> _TASK OBJECTIVE_
With the pictures omitted, repeat exactly the lines below starting with the line that has "Lors du traitement" and going on through the line that has "メモリ付き10Lウォータータ".

> _DATA EXTRACTS_
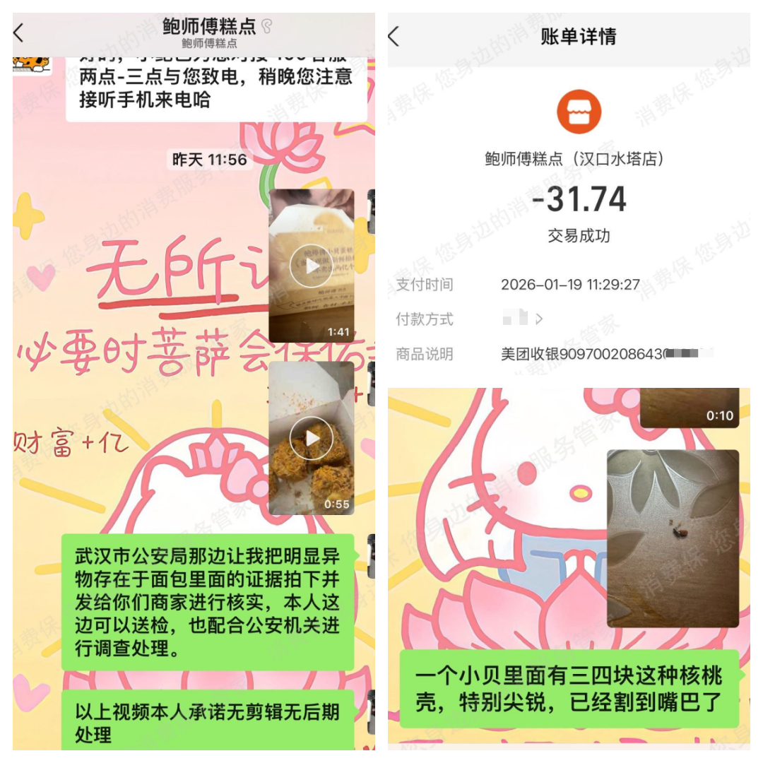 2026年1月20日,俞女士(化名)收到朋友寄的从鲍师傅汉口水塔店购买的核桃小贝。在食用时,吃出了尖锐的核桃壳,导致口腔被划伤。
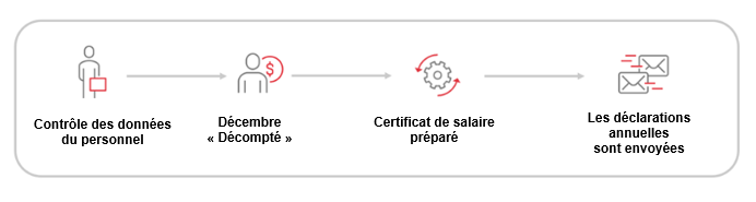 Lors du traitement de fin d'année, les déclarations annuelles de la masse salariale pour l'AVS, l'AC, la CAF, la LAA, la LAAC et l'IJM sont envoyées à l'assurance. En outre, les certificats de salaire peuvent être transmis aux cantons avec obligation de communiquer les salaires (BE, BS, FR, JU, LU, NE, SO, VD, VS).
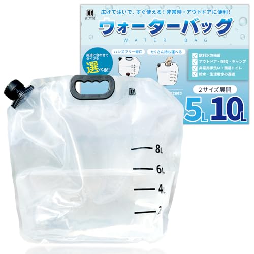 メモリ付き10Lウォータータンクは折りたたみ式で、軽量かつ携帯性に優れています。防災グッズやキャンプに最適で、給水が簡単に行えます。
...
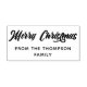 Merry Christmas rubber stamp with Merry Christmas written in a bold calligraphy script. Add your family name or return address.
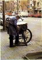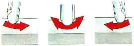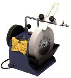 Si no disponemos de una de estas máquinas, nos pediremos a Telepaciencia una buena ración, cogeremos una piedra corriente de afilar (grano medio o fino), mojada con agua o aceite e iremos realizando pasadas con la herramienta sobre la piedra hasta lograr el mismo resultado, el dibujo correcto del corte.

> _ANSWER SPACE_
 Lors du traitement de fin d'année, les déclarations annuelles de la masse salariale pour l'AVS, l'AC, la CAF, la LAA, la LAAC et l'IJM sont envoyées à l'assurance. En outre, les certificats de salaire peuvent être transmis aux cantons avec obligation de communiquer les salaires (BE, BS, FR, JU, LU, NE, SO, VD, VS).
 メモリ付き10Lウォータータンクは折りたたみ式で、軽量かつ携帯性に優れています。防災グッズやキャンプに最適で、給水が簡単に行えます。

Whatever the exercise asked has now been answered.